Martin Stollery
Academic
UK
Voted for
Film | Year | Director |
---|---|---|
Intolerance | 1916 | D.W. Griffith |
Man with a Movie Camera | 1929 | Dziga Vertov |
Duck Soup | 1933 | Leo McCarey |
Casablanca | 1942 | Michael Curtiz |
Andrei Rublev | 1966 | Andrei Tarkovsky |
Le Charme discret de la bourgeoisie | 1972 | Luis Buñuel |
HADUTHA MASRIYYA | 1982 | Youssef Chahine |
Come and See | 1985 | Elem Klimov |
Beau travail | 1998 | Claire Denis |
Gravity | 2013 | Alfonso Cuarón |
Comments
How can a list include no Lubitsch, no Hitchcock, no Rossellini, no Bresson, no Sembene, no Godard, no Varda, no Fassbinder, no Almódovar, no films featuring Asta Nielsen or Marlon Brando, and so few films from outside the global North? The agony of selection was compounded by the unreliability of memory and a painful awareness of how little I have seen. If I fulfil my viewing ambitions for the next ten years and the editors of Sight and Sound are kind enough to invite me to contribute to the 2032 poll, my list might be very different. To help me a little bit with this one, I deliberately excluded documentaries, having contributed to the 2014 Greatest Documentaries of All Time poll, although Man with a Movie Camera also appears here because it is more than a documentary. And as a British cinema specialist, I surprised myself by not including any British films, although some early Hitchcocks, several Powell and Pressburgers, Brief Encounter, Kind Hearts and Coronets, Performance and Trainspotting all came close.

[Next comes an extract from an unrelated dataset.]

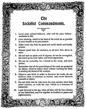 In 1894, another Socialist Sunday School was created by trade unionist Tom Anderson.[3] By 1912 there were over 200 Socialist Sunday Schools throughout Britain. In their early days they encountered opposition from local authorities and politicians, who argued that Socialist Sunday Schools subverted the minds of young people with political and anti-religious doctrines and teachings.
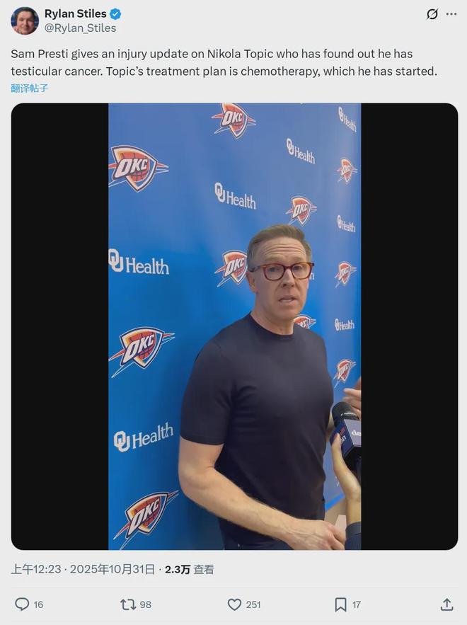 但在今天,雷霆终于透露,托皮奇出现睾丸癌,不得不接受化疗。

Of those I chose, Intolerance is the most enduring monument to Griffith’s problematic genius and a reminder of how much had already been achieved during the first twenty years of film history. Man with a Movie Camera emerged from a conception of cinema that will always be ahead of its time and is a perfect synthesis of the great filmmaking talents of Vertov, Kaufman and Svilova. Between them, Duck Soup and Casablanca epitomise so much that is extraordinary and immensely pleasurable about the many dimensions of classical Hollywood. Andrei Rublev is a mesmerising experience, part of the amazing 1960s efflorescence of art cinema, slow cinema before the term was coined, speaking to the compulsion to create timeless art and to faith, self-doubt and self-belief. Surrealism and cinema were made for each other, and of all the fantastic films Buñuel directed, The Discreet Charm of the Bourgeoisie remains the one for which I retain the most affection. Come and See is another testament to the Soviet Union’s indelible contribution to world cinema, the greatest (anti)war film ever, closely followed by Shepitko’s The Ascent. Youssef Chahine is a giant of world cinema; I vote for An Egyptian Story, the second in his semi-autobiographical Alexandria trilogy, because it offers a fascinating window into a playful yet intensely political oeuvre every serious cineaste should know about. I include Gravity because contemporary Hollywood also has its classics, and it is a reminder of how visceral and immersive the experience of going to the cinema can be. And Beau Travail is a languorous delight, a compelling but almost plotless feature film, with one of the greatest endings in the entire history of cinema.